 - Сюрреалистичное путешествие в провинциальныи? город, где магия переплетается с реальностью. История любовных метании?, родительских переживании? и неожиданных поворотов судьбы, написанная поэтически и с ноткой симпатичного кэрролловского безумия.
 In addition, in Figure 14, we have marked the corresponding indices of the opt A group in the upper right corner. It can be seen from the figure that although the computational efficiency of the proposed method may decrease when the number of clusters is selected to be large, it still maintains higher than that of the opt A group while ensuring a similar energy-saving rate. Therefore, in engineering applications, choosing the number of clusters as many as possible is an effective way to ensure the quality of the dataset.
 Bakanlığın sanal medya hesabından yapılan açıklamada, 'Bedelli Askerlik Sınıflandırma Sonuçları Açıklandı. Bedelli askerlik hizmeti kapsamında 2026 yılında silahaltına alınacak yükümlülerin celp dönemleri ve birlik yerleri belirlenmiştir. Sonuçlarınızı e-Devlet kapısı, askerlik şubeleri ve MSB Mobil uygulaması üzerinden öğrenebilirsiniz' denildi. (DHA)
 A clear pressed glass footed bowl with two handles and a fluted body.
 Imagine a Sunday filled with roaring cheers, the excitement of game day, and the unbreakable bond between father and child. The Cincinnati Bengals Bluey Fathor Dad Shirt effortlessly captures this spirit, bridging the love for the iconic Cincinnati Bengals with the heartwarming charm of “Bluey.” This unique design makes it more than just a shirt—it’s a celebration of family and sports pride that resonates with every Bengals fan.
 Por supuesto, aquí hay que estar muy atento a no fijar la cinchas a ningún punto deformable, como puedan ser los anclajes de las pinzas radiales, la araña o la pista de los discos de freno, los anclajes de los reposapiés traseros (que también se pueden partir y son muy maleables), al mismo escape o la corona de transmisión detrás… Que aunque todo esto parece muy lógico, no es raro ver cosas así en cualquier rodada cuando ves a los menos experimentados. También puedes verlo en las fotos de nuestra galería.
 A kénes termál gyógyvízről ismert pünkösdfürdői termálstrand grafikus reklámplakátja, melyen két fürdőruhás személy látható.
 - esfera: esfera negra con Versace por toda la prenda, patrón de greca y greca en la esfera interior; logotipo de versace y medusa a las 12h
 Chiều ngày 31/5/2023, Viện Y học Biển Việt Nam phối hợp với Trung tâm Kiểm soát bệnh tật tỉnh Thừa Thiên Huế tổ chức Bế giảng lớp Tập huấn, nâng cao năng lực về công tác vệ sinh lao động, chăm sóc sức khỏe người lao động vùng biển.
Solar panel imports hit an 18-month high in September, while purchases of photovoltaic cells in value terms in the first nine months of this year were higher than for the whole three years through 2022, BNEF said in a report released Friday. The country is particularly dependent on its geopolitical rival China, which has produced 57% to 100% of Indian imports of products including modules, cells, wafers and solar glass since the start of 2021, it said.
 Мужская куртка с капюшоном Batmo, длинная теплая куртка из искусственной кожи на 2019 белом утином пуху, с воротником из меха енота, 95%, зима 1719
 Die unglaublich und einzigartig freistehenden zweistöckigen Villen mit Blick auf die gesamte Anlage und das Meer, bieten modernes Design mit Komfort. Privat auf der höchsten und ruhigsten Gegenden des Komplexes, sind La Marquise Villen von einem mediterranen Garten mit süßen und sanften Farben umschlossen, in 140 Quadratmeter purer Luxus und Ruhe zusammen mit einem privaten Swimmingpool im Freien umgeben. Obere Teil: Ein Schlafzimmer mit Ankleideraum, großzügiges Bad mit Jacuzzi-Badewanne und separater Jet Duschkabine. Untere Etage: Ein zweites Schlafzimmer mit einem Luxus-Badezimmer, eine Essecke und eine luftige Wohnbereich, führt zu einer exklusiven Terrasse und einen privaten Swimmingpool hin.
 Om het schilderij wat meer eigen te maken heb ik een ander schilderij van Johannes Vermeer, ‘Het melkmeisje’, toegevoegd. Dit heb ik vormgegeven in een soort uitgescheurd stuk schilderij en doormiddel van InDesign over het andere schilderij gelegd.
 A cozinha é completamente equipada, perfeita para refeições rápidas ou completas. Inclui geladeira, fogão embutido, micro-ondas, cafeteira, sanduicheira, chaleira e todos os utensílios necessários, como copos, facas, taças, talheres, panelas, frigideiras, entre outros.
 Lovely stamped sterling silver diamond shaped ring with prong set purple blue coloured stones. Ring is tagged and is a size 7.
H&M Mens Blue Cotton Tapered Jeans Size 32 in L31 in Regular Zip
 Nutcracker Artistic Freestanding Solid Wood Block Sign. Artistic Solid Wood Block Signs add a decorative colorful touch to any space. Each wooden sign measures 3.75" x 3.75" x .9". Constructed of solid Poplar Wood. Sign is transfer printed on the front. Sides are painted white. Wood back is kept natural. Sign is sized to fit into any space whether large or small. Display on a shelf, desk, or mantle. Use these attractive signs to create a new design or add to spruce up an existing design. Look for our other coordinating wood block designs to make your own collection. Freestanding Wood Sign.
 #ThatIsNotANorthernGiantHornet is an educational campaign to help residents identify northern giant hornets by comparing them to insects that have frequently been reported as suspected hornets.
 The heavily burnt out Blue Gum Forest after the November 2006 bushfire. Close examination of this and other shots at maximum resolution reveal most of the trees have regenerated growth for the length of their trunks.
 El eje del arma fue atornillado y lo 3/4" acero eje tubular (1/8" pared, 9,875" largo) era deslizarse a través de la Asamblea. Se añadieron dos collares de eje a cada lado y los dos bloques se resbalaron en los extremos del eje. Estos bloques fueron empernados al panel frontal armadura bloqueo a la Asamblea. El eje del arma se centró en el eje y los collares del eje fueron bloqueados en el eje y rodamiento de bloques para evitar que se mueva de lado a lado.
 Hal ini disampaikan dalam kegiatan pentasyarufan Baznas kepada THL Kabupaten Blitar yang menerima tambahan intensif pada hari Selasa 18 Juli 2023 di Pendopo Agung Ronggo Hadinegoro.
* * * * * * *
Task. For this exercise, reproduce exactly each line from the one containing "H&M Mens Blue" through the last line of the data, and no others.

Result of the exercise.
H&M Mens Blue Cotton Tapered Jeans Size 32 in L31 in Regular Zip
 Nutcracker Artistic Freestanding Solid Wood Block Sign. Artistic Solid Wood Block Signs add a decorative colorful touch to any space. Each wooden sign measures 3.75" x 3.75" x .9". Constructed of solid Poplar Wood. Sign is transfer printed on the front. Sides are painted white. Wood back is kept natural. Sign is sized to fit into any space whether large or small. Display on a shelf, desk, or mantle. Use these attractive signs to create a new design or add to spruce up an existing design. Look for our other coordinating wood block designs to make your own collection. Freestanding Wood Sign.
 #ThatIsNotANorthernGiantHornet is an educational campaign to help residents identify northern giant hornets by comparing them to insects that have frequently been reported as suspected hornets.
 The heavily burnt out Blue Gum Forest after the November 2006 bushfire. Close examination of this and other shots at maximum resolution reveal most of the trees have regenerated growth for the length of their trunks.
 El eje del arma fue atornillado y lo 3/4" acero eje tubular (1/8" pared, 9,875" largo) era deslizarse a través de la Asamblea. Se añadieron dos collares de eje a cada lado y los dos bloques se resbalaron en los extremos del eje. Estos bloques fueron empernados al panel frontal armadura bloqueo a la Asamblea. El eje del arma se centró en el eje y los collares del eje fueron bloqueados en el eje y rodamiento de bloques para evitar que se mueva de lado a lado.
 Hal ini disampaikan dalam kegiatan pentasyarufan Baznas kepada THL Kabupaten Blitar yang menerima tambahan intensif pada hari Selasa 18 Juli 2023 di Pendopo Agung Ronggo Hadinegoro.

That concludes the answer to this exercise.